There is a pink post it note on the wall next to my desk, tucked away in a nook so only I notice it. It says: clarity of vision & consistent effort | steady & calm. This is how I make it through in the day-by-day cafe. Sometimes I take risks. Sometimes I take shelter. One of the things I have learned in adapting to being disabled is that it matters which way I lean going into the curve. In adapting to a meaner society I suggest that humanity is better served when we lean into resisting instead of accepting. My adaptation to fascism is to name it and resist. Like Mother Jones said, “pray for the dead and fight like hell for the living.”
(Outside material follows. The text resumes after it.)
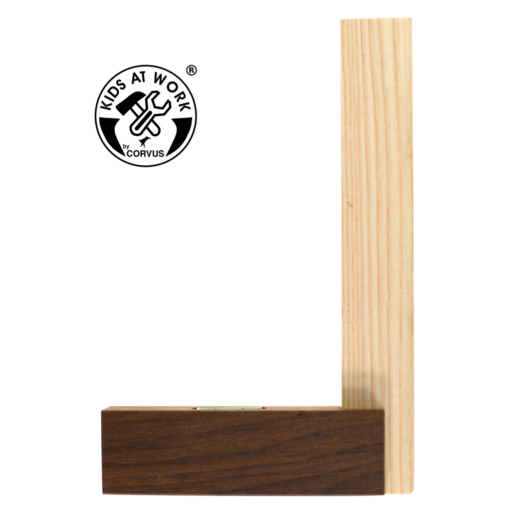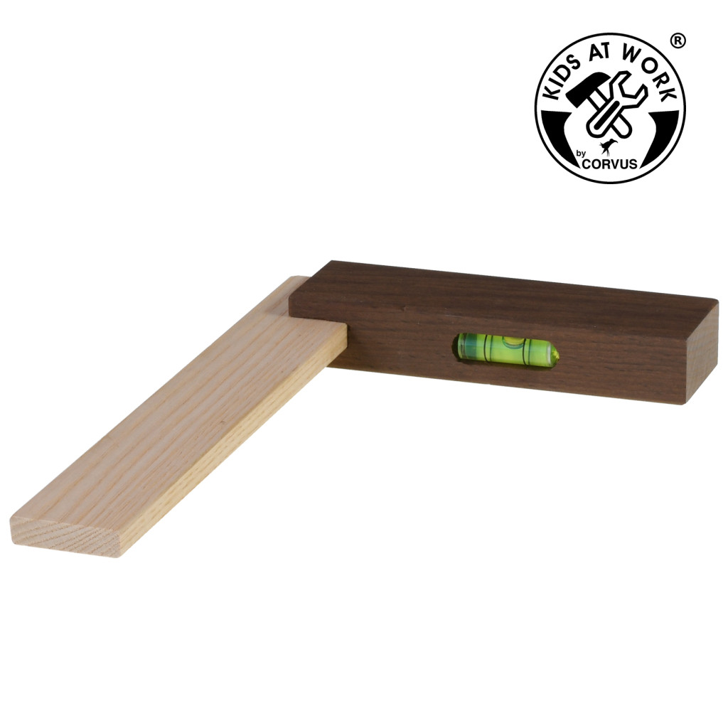 Minőségi fából készült derékszög, vízmértékkel a talprészben.

For the moment, the outlook for earthlings from the tail end of 2019 is grim. The rainbow heart optimism of 2007 seems a life time away. I feel as if I'm sitting in the bottom of the well looking up towards an opening to sky at the top. Anything is possible from down here. As the light returns and we spin into 2020 I can't help but wonder what the Solstice update of 2032 might look like. I imagine my cloak to be well mended but I can't imagine we'll all be ok.
If you are able, wherever you find yourself, take a moment for a deep breath outside in the dark and hope with me; may our atmosphere continue to shelter us in the beauty of a starry night. I'll keep my cloak mending kit ready, let me know if you need a hand with yours.